▼

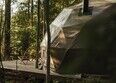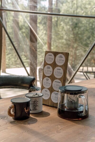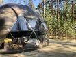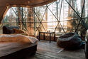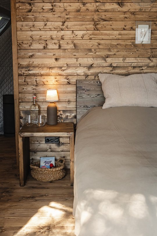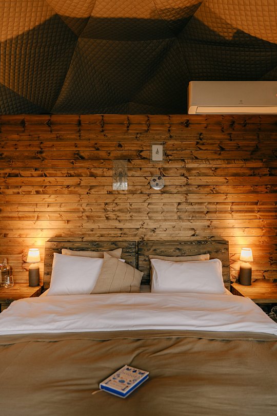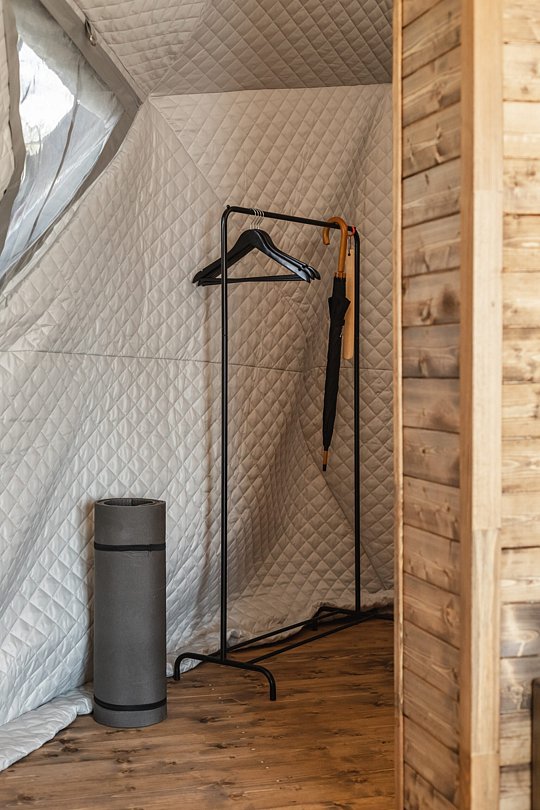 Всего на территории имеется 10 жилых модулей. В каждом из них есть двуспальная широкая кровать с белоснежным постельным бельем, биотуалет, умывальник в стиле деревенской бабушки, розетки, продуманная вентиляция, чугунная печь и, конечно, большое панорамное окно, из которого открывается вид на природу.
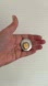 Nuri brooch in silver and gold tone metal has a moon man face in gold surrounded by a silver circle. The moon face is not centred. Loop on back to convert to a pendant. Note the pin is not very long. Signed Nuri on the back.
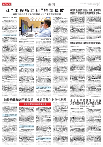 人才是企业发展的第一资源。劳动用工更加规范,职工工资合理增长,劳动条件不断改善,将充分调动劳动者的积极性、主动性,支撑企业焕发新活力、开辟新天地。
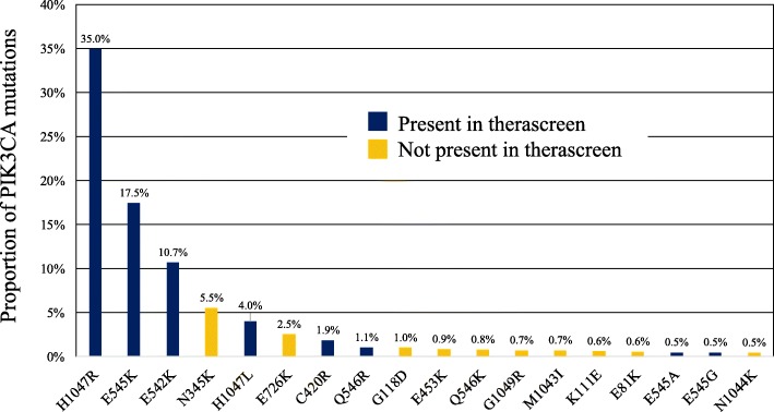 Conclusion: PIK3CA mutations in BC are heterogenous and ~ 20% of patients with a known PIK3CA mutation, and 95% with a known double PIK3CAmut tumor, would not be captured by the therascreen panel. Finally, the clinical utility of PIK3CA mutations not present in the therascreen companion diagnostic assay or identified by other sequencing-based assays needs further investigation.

▲

Pictures aside, write out verbatim every line from the first line of the material through the line holding "人才是企业发展的第一资源。劳".

ANSWER TO THE PROBLEM ->
 Всего на территории имеется 10 жилых модулей. В каждом из них есть двуспальная широкая кровать с белоснежным постельным бельем, биотуалет, умывальник в стиле деревенской бабушки, розетки, продуманная вентиляция, чугунная печь и, конечно, большое панорамное окно, из которого открывается вид на природу.
 Nuri brooch in silver and gold tone metal has a moon man face in gold surrounded by a silver circle. The moon face is not centred. Loop on back to convert to a pendant. Note the pin is not very long. Signed Nuri on the back.
 人才是企业发展的第一资源。劳动用工更加规范,职工工资合理增长,劳动条件不断改善,将充分调动劳动者的积极性、主动性,支撑企业焕发新活力、开辟新天地。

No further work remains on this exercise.